US energy policy implications
Simmons' work has not fallen on deaf ears. A few hours after the panel discussion, US Senate Energy and Natural Resources Chairman Pete Domenici (R-NM) issued a statement saying that concerns over "tired" Saudi supplies illustrated the need to continue research on hydrogen cars and to pass a stalled energy bill before Congress.
"President Bush had the vision to see past oil imports, OPEC quotas, and carbon emissions to a future of hydrogen-powered cars, clean air, and energy self-reliance for this great country," Domenici said.
"Last year, President Bush asked Congress for $1.8 billion for hydrogen research. Senate Republicans put in authorization for $2.1 billion—nearly $400 million more than requested—in our energy bill. S2095, the energy bill pending in the Senate, puts that investment, along with American ingenuity and innovation, to work to make a hydrogen future an American reality.
"If we pass S2095, we can put affordable, reliable hydrogen-powered cars on the road by the time the Saudi oil fields are tapped out, whenever that may be. Let's stop looking to foreign countries to solve our energy problems while we play politics with solutions here at home. I urge the swift passage of S2095."
Domenici noted that the US Energy Information Agency says Saudi Arabia needs to produce 13.6 million b/d by 2010 and 19.5 million b/d by 2020 to meet world oil demands. But he then cited a New York Times report that quoted an internal Saudi Aramco plan that estimates production in 2011 will be 10.15 million b/d.
Aramco dismisses claims
At CSIS and later at a briefing for reporters, senior Aramco officials strenuously denied Simmons assertions that fields may be declining at an alarming rate.

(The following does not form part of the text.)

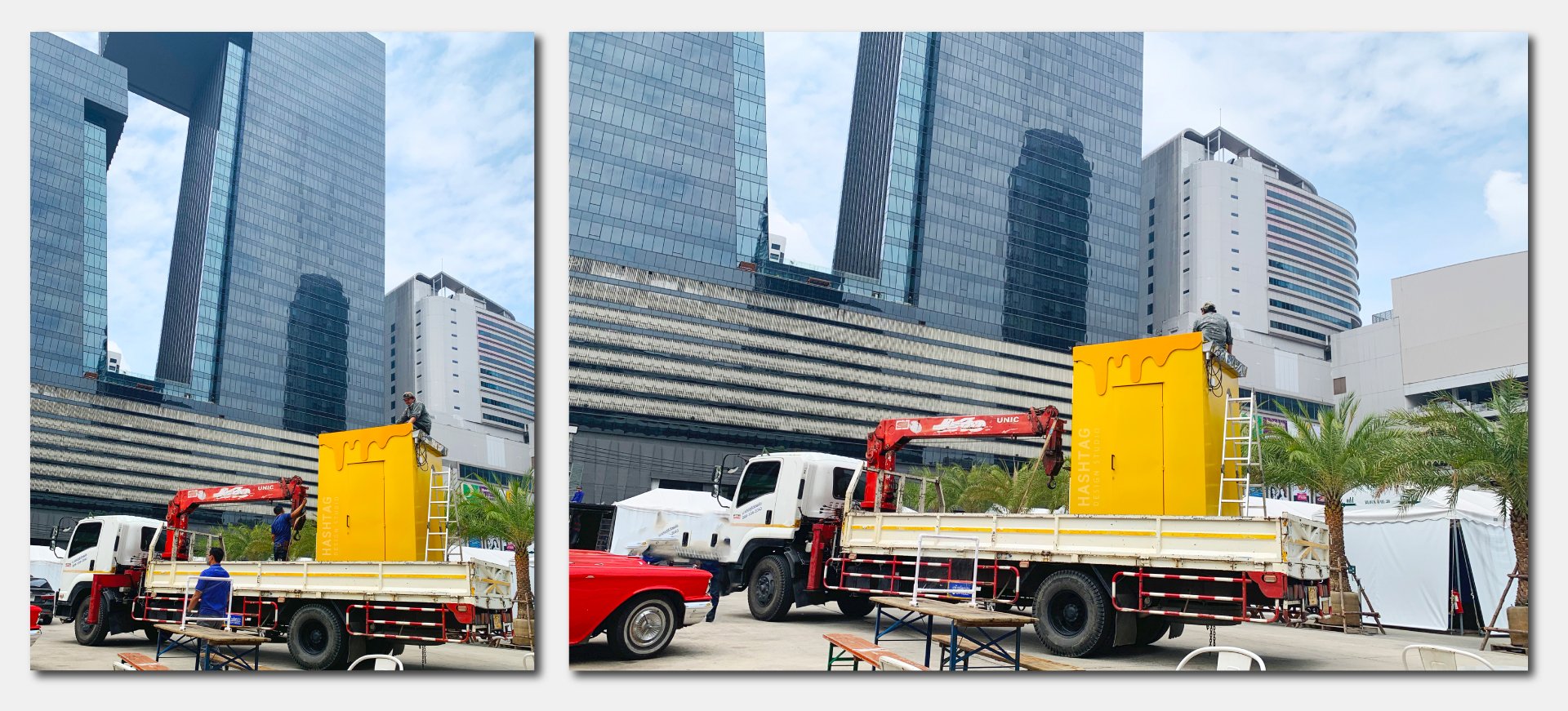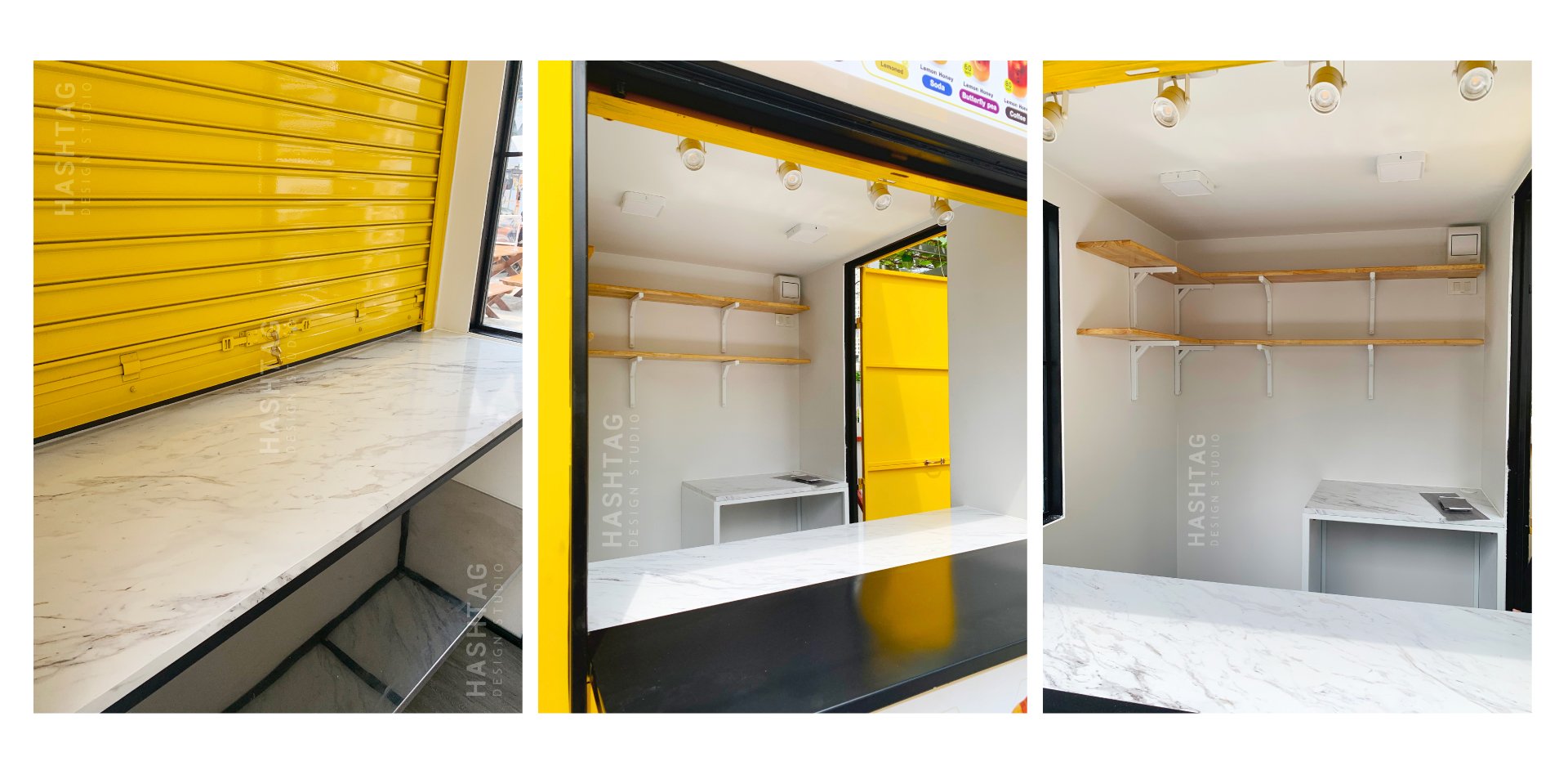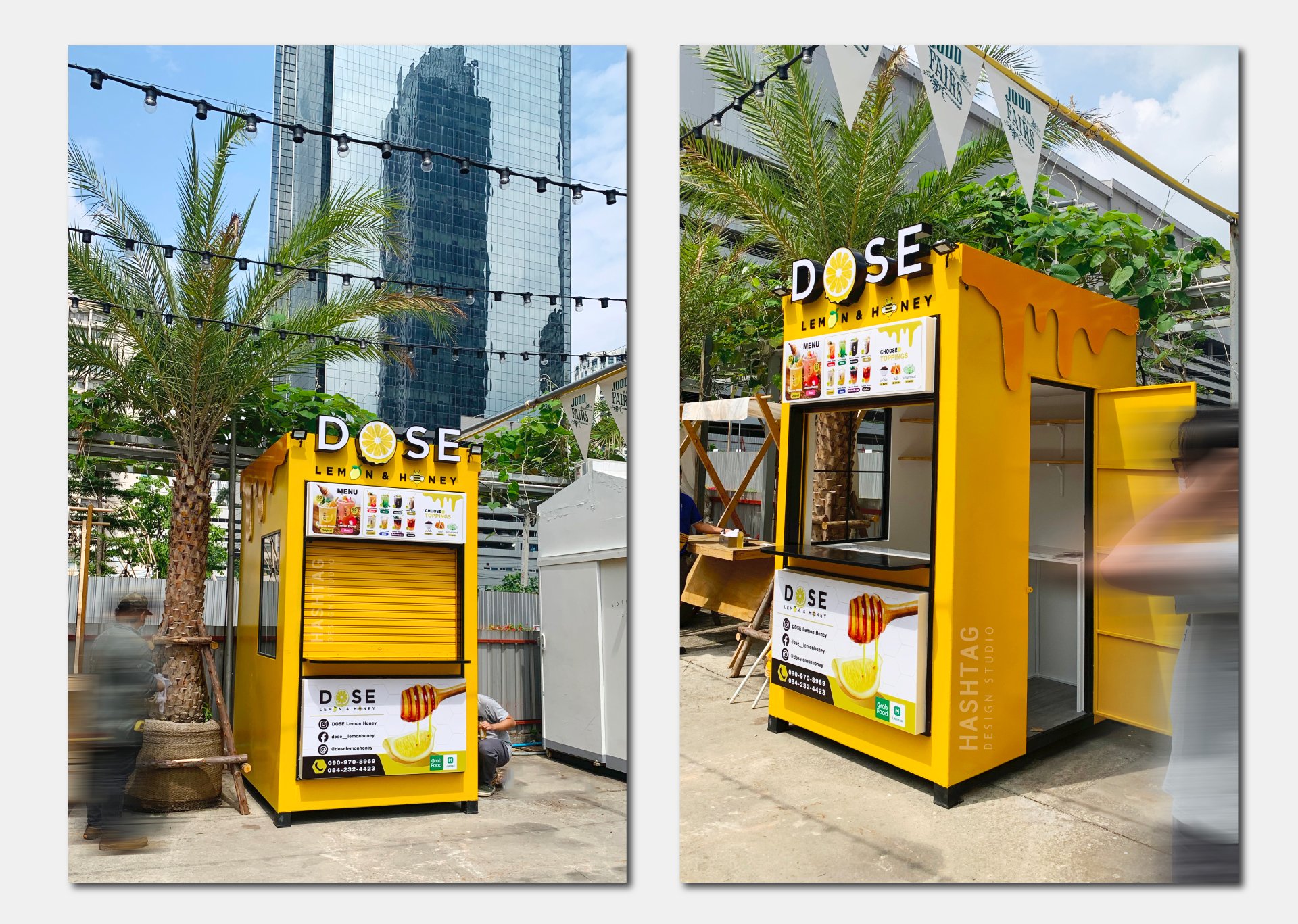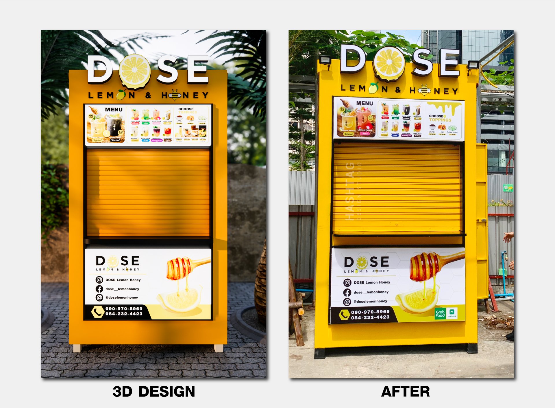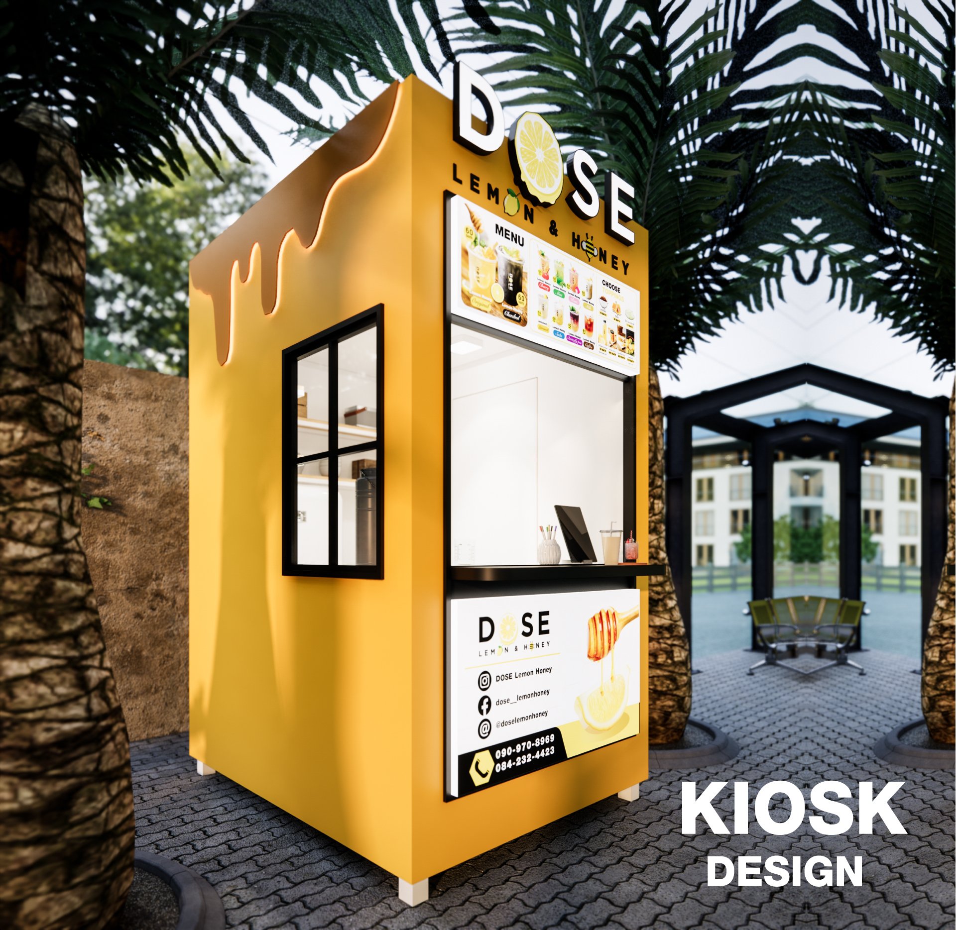ออกแบบเป็นโทนสีเหลือง ตามสีของแบรนด์ จุดเด่นอยู่ที่ด้านข้างเป็นตกแต่งไดคัทเหล็กเป็นรูป หยดน้ำผึ้งทั้ง 2 ข้าง พร้อม ตกแต่งซ่อนไฟ LED เพิ่มความโดดเด่น สร้างภาพลักษณ์ให้กับแบรนด์ เห็นแต่ไกลว่าขายอะไร

"He is asking all the right questions, but giving all the wrong answers," said Nansen Saleri, manager, reservoir management, for Aramco.
Aramco officials said that the SPE papers that Simmons cites addressed very specific technical issues that just represent a snapshot, not a full picture, of the company's oil fields.
"These papers discussed very specific problems that our engineers wanted to explain how they solved. They did not talk about everyday operations," said Baqi. "You don't write papers about all the good news."
Aramco officials also disputed charges that they are secretive about the way they manage their oil fields. Saleri said Aramco "opens its doors" about its operations and has invited scholars, scientists, and analysts, including Simmons, to their offices. Aramco officials acknowledged that there is certain information that their company does not disclose for competitive reasons. But Saleri and Baqi argued that Saudi Aramco has been far more transparent with its data compared with the foreign firms that used to run the country's oil fields.
They also sharply criticized Simmons for not trying to contact them or other company managers before the analyst went public with his conclusions.
"We didn't even get an e-mail about this," Saleri said.